◆ AIM OF THE EXERCISE ◆
Would you print exactly the lines that begin the listing and continue through the line holding "This app is"? No pictures, please.

◆ INPUT DATA ◆
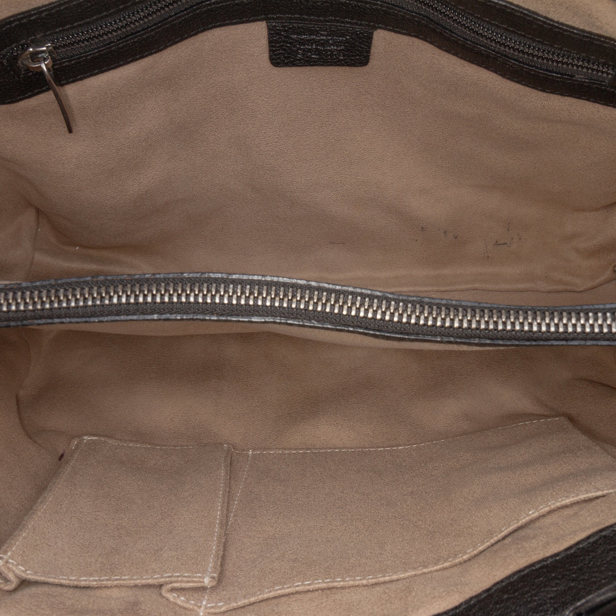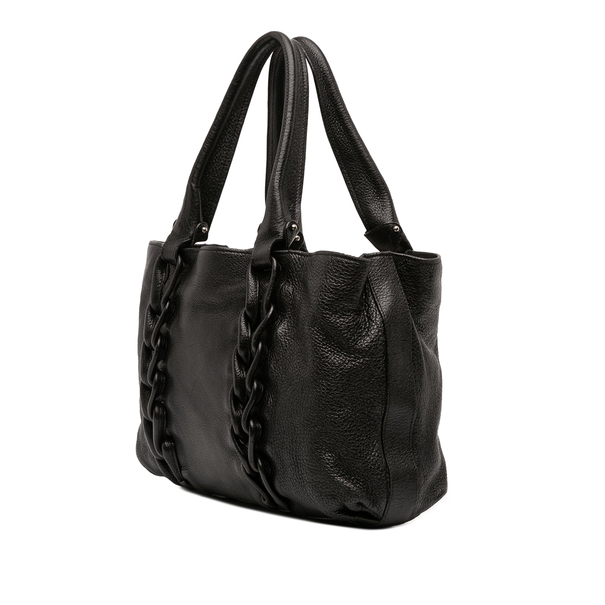 This tote bag features a leather body with braid detail, flat leather handles, an open top, an interior center zip compartment, and interior zip and slip pockets. Retail Price: 292.00
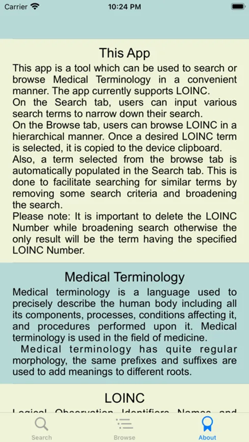 This app is a tool which can be used to search or browse Medical Terminology in a convenient manner. The app currently supports LOINC.
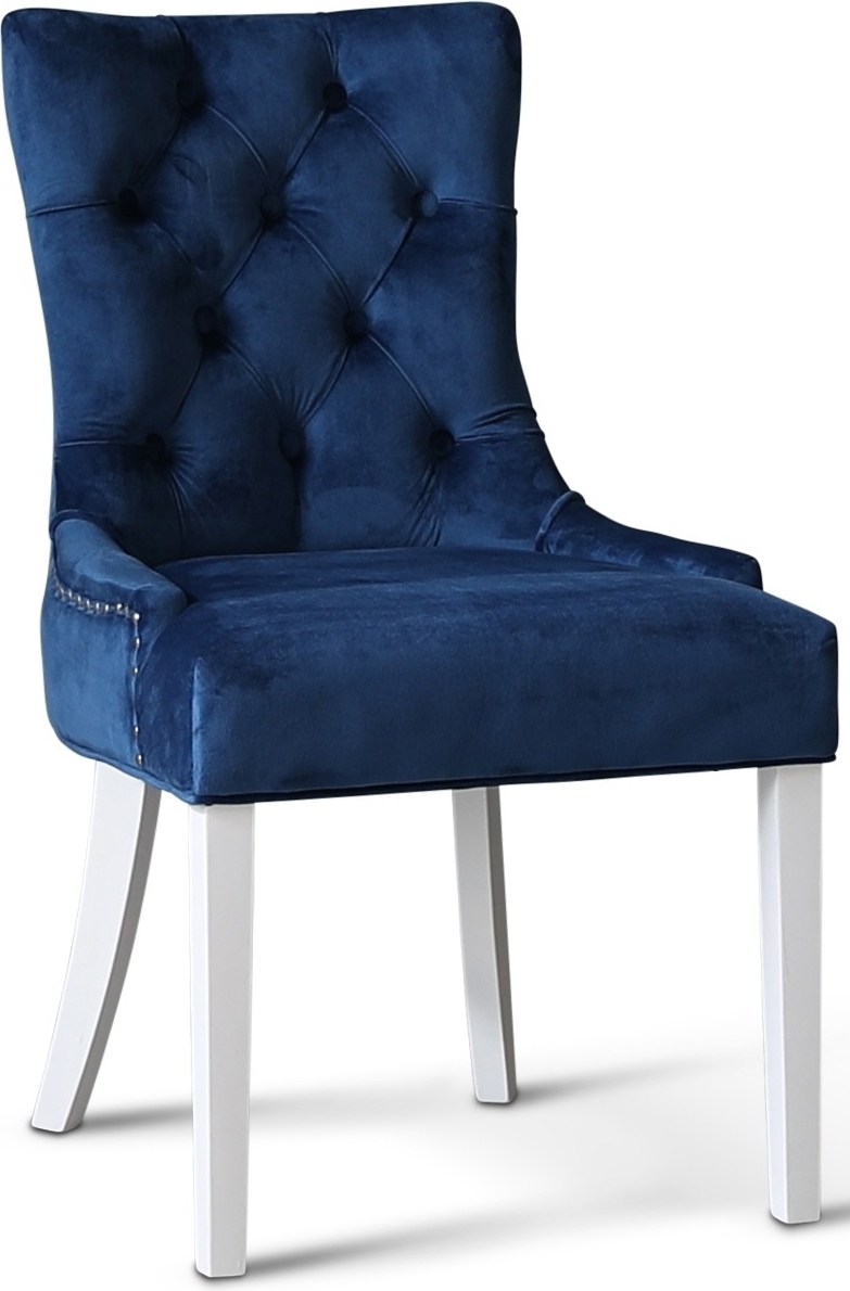 Dalsland matgrupp: Matbord i vit / ek med 6 st Tuva stolar i blå sammet

◆ ANSWER TO THE PROBLEM ◆
 This tote bag features a leather body with braid detail, flat leather handles, an open top, an interior center zip compartment, and interior zip and slip pockets. Retail Price: 292.00
 This app is a tool which can be used to search or browse Medical Terminology in a convenient manner. The app currently supports LOINC.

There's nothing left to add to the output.